2      Analysis of subject domains
   To formally include semantics-related tasks in separate class, the general notion of
class complexity should be considered. In the theory of algorithms complexity class is
a set of computational tasks, approximately similar in terms of computing complexity.
Otherwise, complexity class is a predicate set (function, having a word at the entry
and coming back with a result 0 or 1), which is used for computing approximately
similar number of resources [2].
   There is a category of “the most complicated” for each category of tasks. It means
that any task from the class goes down to such one, and the task belongs to the class.
Such tasks are called complete for the class. NP-complete tasks are the most common.
   Usually complexity class is determined by predicate sets with certain properties.
Common determination of the class is as follows: complexity class X is called
predicate set P(x), computed by Turing machines, using resource computation O(f(n)),
wherein n is the length of word x.
   In most cases computation time is selected for the resource (number of tact in
Turing machine) or operation area. Languages, which are identified by predicates
from any class (i.e. sets of words, for which predicate turns 1), are also called those
that belong to the same class.
   Class P (Engl. Polynomial) is a set of tasks, providing relatively quick algorithms
of solutions. Class P is included in broader classes of algorithms complexity.
   Examples of P class are integral addition, division, matrix multiplication,
determination of graph connectivity, ranging of sets from n numbers.
   Non-deterministic polynomial task is a set of recognition problems, where
solutions can be promptly checked at Turing machine, providing certain additional
data solutions certificates.
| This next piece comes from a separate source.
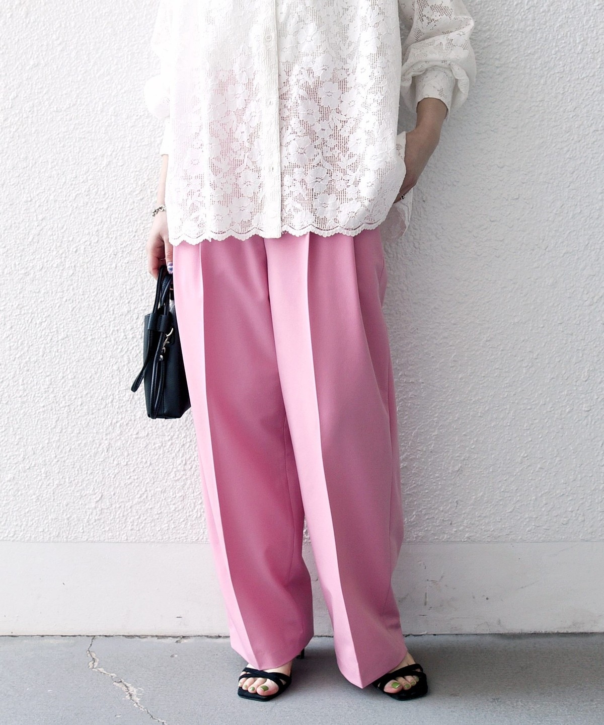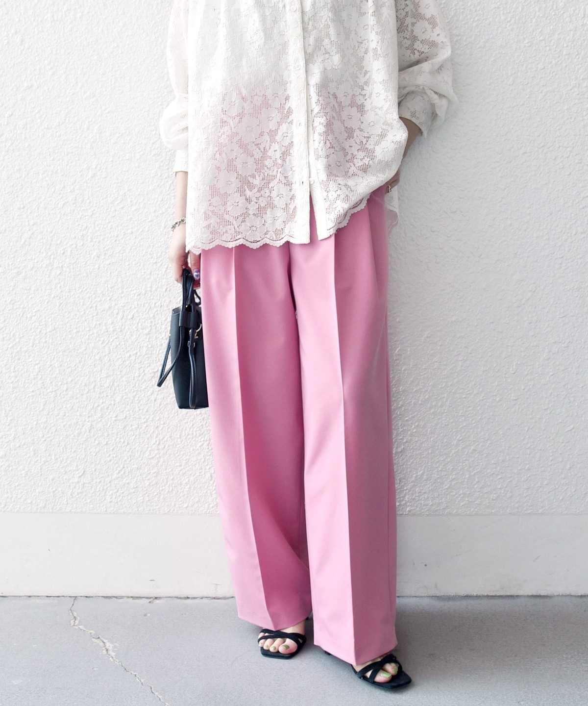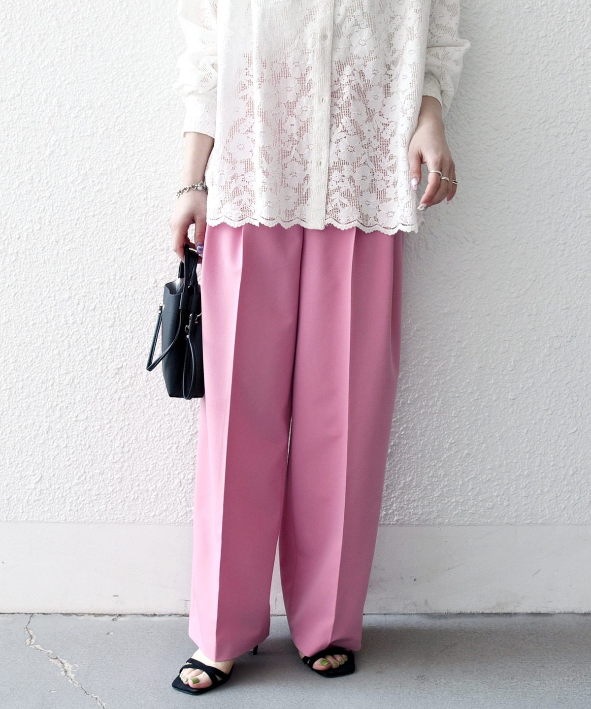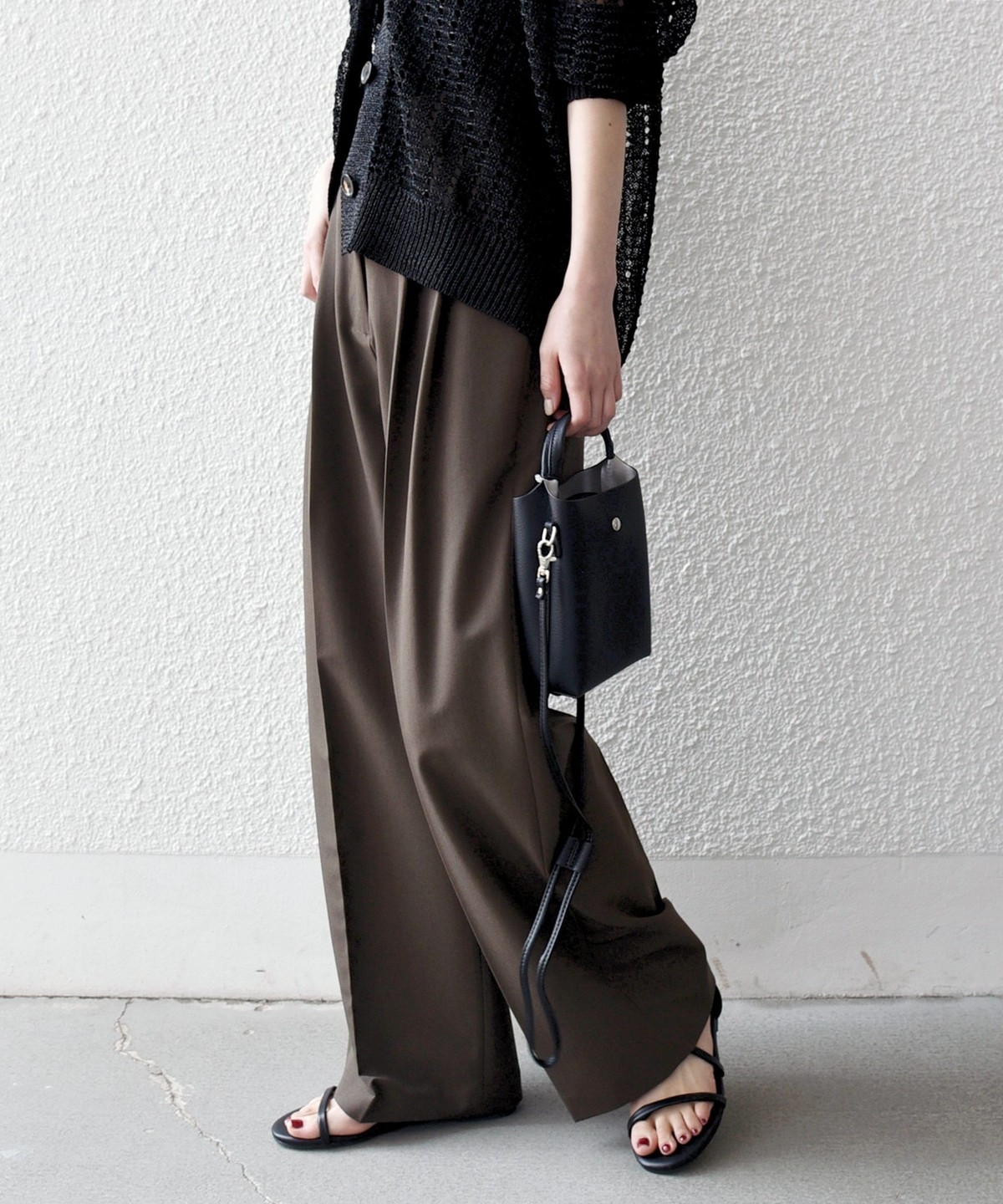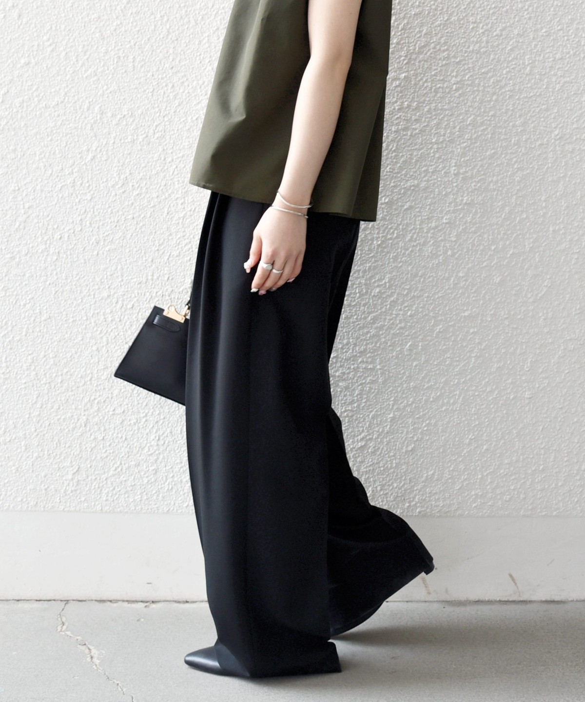 やや太めのベルト幅と2タックのワイドシルエットでマニッシュな印象のトラウザー。

Equivalently NP class can be identified as a class, which
contains tasks, admitting polynomial time of solution at non-deterministic Turing
machine. There are examples of tasks, which are currently either classified or not
classified as P, but belonging to NP:
   − Tasks with Boolean formulae – find out with the Boolean formula, if there is a
set of input variable, which turns 1. Certificate is such a set.
   − Tasks on complete subgraphs – according to graph data, find out, whether it
contains complete subgraphs of specified size. Certificate is a number of
vertex,making complete subgraph.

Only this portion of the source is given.